Aim of the exercise => Beginning at the top of the data below, restate every line word for word until the line containing "Студентки группы Нт-501о" has been included, and omit the pictures.
BEGIN Data extract
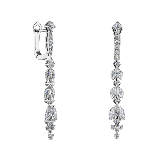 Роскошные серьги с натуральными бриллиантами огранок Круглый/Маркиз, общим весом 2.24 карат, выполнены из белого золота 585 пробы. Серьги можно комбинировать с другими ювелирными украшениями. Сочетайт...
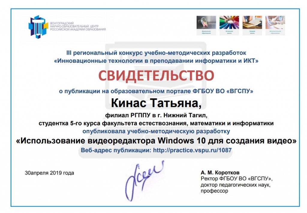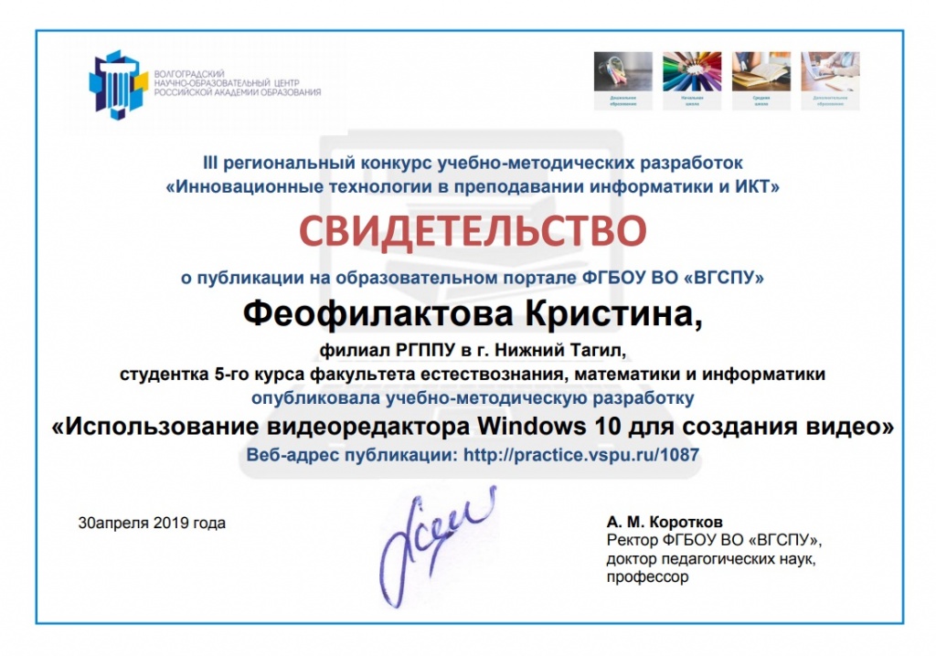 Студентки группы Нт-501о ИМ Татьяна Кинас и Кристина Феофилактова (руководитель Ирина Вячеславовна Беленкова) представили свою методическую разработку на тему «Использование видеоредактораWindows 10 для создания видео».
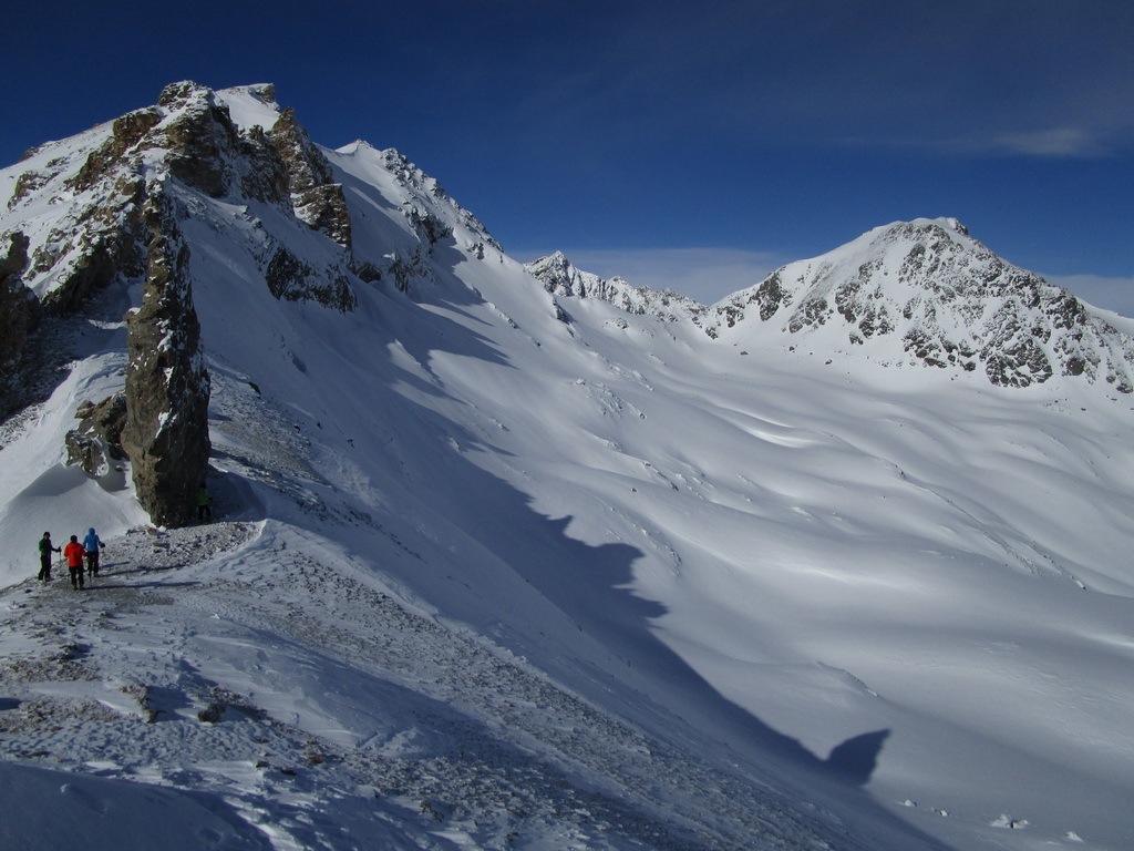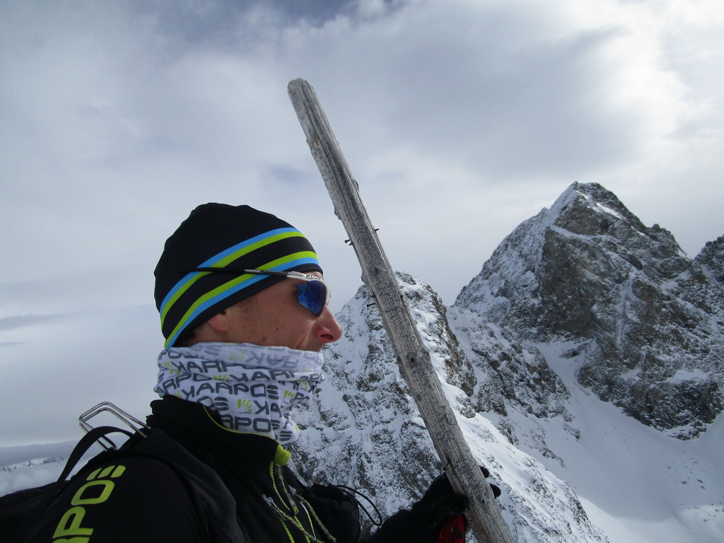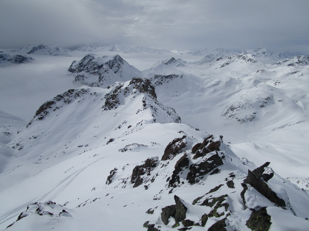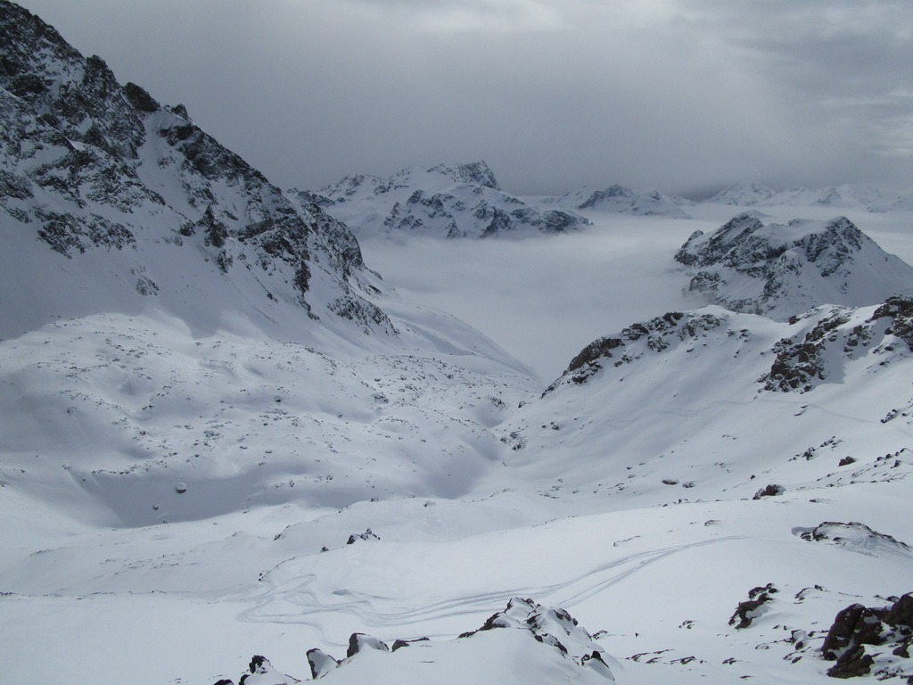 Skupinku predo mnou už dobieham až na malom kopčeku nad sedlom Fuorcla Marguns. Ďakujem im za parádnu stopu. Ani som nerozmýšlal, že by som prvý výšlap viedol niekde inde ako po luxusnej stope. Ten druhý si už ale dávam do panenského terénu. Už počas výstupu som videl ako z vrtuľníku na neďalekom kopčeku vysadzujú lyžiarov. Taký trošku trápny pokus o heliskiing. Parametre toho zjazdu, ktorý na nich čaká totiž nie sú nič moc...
END Data extract
Answer space =>
 Роскошные серьги с натуральными бриллиантами огранок Круглый/Маркиз, общим весом 2.24 карат, выполнены из белого золота 585 пробы. Серьги можно комбинировать с другими ювелирными украшениями. Сочетайт...
 Студентки группы Нт-501о ИМ Татьяна Кинас и Кристина Феофилактова (руководитель Ирина Вячеславовна Беленкова) представили свою методическую разработку на тему «Использование видеоредактораWindows 10 для создания видео».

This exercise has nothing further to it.